Noi siamo le eroine.

Ma le sventure non sono finite qui… e non mi riferisco ai compiti per casa, piuttosto che all’acquisto di Glamour…quanto alla mia compagna di banco.
Naturalmente non parlo della splendida M. ma di F.
F. poteva starmi simpatica prima che ci parlassi?
Forse.
E dopo?
La faccenda si fa spinosa.
F. ha un difficile rapporto con la madre, che ha dipinto verbalmente come un’insensibile strega bettolaia . Suo padre l’ho visto due volte in meno di un’ora.
F. ha diciassette anni.
Ha diciassette anni e vuole parlare ad ogni costo.
Il fatto è che certi falsi ed inconsistenti intllettualismi poteva risparmiarseli.
Non mi piace pensare “poverina/o/e/i” delle persone.
Non mi piace perdere di vista l’umile me ma quando è troppo… è semplicemente troppo.
Ad ogni cosa idiota, spacciata per filosofia spicciola, che pronunciava, M. ed io ci scambiavamo uno sguardo eloquente.
Non ho mai osservato con tanta assidua passione le iridi della mia cara amica coi rastini.

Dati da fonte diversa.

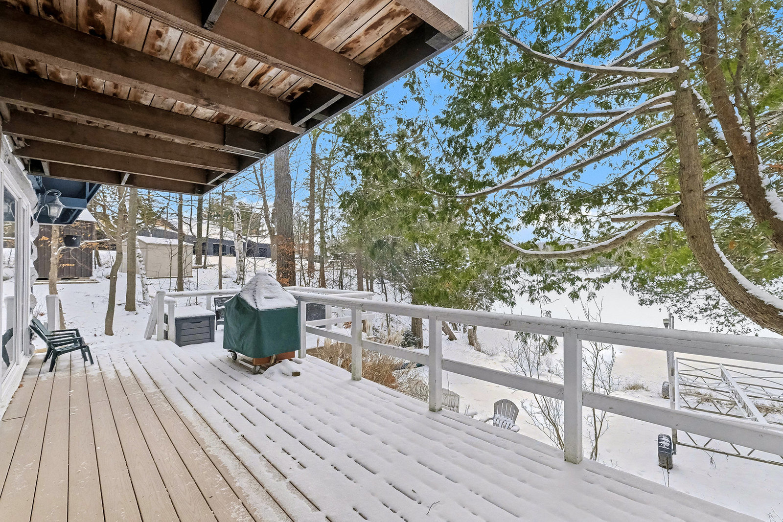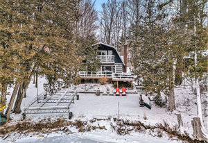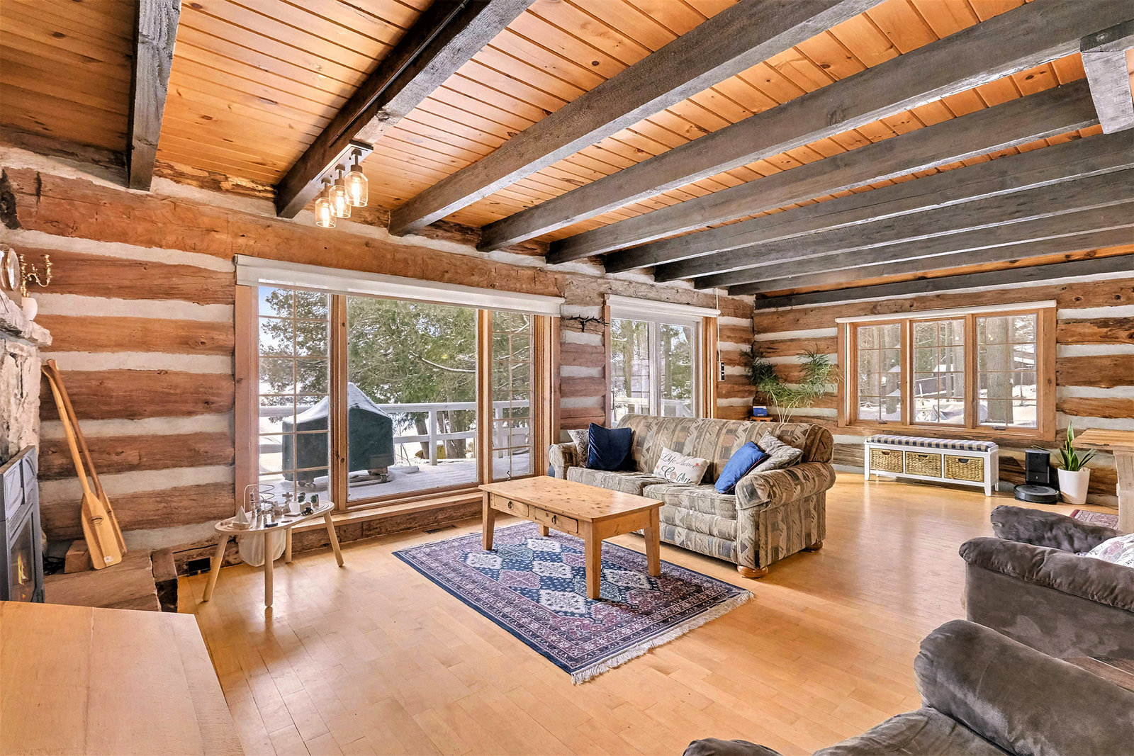 Discover your perfect lakeside retreat on the pristine sought after shores of Otty Lake! This charming year round 4-bedroom, 2-bath home offers an incredible 136 feet of waterfront with approx 4 feet of depth right off your private dock - ideal for swimming, fishing, or simply enjoying those peaceful mornings with your coffee. You will love the character and charm of this fabulous log home. Step inside to find a thoughtful design throughout with a convenient main floor bedroom perfect for guests (or office if desired). The heart of the home features exposed beams and a cozy propane fireplace, creating the perfect ambiance for quiet evenings after a fun day on the water. The dining room has been recently enhanced with a stylish coffee bar featuring a cleverly concealed dishwasher. The 2nd level features a spacious primary bedroom with private deck, 2 additional bedrooms and 3pc bath with jet tub. The full unfinished basement with walkout access provides endless possibilities for customization while offering excellent storage. Outside, you'll appreciate the generous lot size and the 12x16 storage shed for all your lake toys and seasonal equipment. The location couldn't be better - situated conveniently next to a boat launch, yet tucked away enough to enjoy tranquil privacy. The charming Town of Perth is just a short drive away, offering shopping, dining and essential services. Whether you're seeking a permanent residence, vacation getaway, or investment property...

F. ha tirato in ballo il solito idiotissimo discorso sulle conquiste delle donne, declamando un’irragionevole dose di femminismo e rivendicando il diritto fisico del gentil sesso, di indossare i pantaloni al posto delle gonne ( cosa che pronuncia con la o stretta. ridicolo. buffo.no, ridicolo!)
Lì si è intavolata una piccola discussione sul fatto che i pantaloni, per queste donne, non fossero una rivendicazione felice quanto l’ennesima triste storia trasformata in mito.
la cosa si è conclusa con il silenzio sdegnoso di M e me, ed F che sen’è uscita con una frase del tipo :” non so come si possano portare le gonne. non mi piacciono proprio”
al che, avrei tanto voluto aggiungere “oltre che la gonna, non ti piace nemmeno la doccia…la prossima volta mi procuro un arbre magique al profumo di MentoloAntirompicoglioni così son sicura di poter respirare col naso e tornare a casa con ancora un po’ di fiducia nel genere umano!”
ma non l’ho fatto.
Con un dolce peso in più, ho saltellato con M fino alla soglia.
Appena fuori, dopo qualche avance col fumo di sigaretta, che mi ha fatto tossire molto poco cinematograficamente, M mi ha stampato un bacio alla ViaColVento scandalizzando tutti i disabituati presenti. 😉
Ironia della sorte, dopo quelle due ore ho persino apprezzato gioiosamente che P profumasse di sapone.
Divertente…ho pensato.
“ciao, ci vediamo il plossimo giovedì!!!”
Un precisissimo colpo. materia grigia schizzata su una ruota di bicicletta. sguardi sereni ed una corsa alla fermata tel tram.